TASK STATEMENT
In the entries below, begin at the line with "歌曲 | Tempête |" and stop after the line with "Product Name Joystick"; output those lines exactly and omit the pictures.
*** Opening MATERIAL SHOWN ***
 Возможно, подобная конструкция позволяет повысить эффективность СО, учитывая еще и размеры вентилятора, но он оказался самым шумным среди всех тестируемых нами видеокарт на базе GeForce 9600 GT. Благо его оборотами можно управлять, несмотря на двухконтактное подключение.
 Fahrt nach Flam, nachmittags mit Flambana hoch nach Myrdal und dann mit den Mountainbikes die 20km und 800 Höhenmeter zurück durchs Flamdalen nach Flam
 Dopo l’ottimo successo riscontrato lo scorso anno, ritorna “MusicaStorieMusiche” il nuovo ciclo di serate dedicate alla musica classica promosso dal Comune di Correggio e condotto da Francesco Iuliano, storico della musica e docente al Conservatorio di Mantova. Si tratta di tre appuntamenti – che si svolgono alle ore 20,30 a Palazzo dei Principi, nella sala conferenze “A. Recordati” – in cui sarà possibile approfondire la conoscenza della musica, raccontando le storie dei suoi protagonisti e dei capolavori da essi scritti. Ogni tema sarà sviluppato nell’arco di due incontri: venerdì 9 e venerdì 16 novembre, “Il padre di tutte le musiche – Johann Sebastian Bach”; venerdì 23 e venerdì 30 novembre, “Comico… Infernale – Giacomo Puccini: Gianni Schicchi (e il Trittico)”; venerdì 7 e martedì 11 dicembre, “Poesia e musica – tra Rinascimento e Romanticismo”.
*** Closing MATERIAL SHOWN ***
*** Opening MATERIAL SHOWN ***
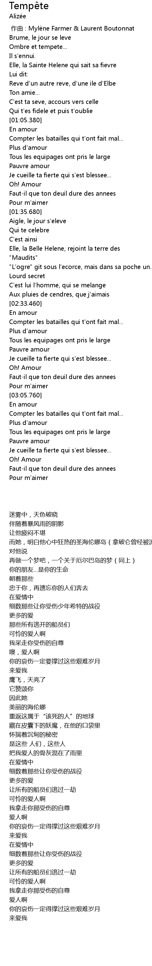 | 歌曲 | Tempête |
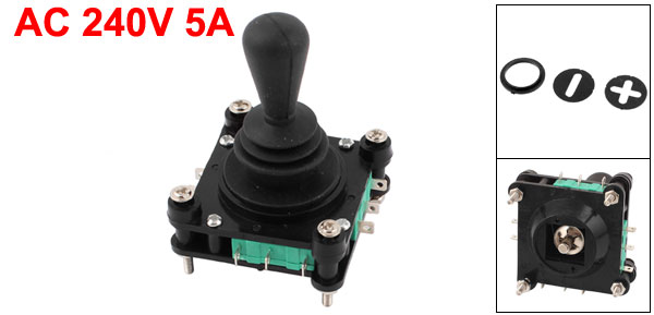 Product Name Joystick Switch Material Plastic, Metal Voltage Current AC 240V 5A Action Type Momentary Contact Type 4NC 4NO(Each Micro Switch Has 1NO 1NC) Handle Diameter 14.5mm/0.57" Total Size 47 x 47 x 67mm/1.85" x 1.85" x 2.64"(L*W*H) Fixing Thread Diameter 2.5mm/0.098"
*** Closing MATERIAL SHOWN ***
EXERCISE ANSWER
 | 歌曲 | Tempête |
 Product Name Joystick Switch Material Plastic, Metal Voltage Current AC 240V 5A Action Type Momentary Contact Type 4NC 4NO(Each Micro Switch Has 1NO 1NC) Handle Diameter 14.5mm/0.57" Total Size 47 x 47 x 67mm/1.85" x 1.85" x 2.64"(L*W*H) Fixing Thread Diameter 2.5mm/0.098"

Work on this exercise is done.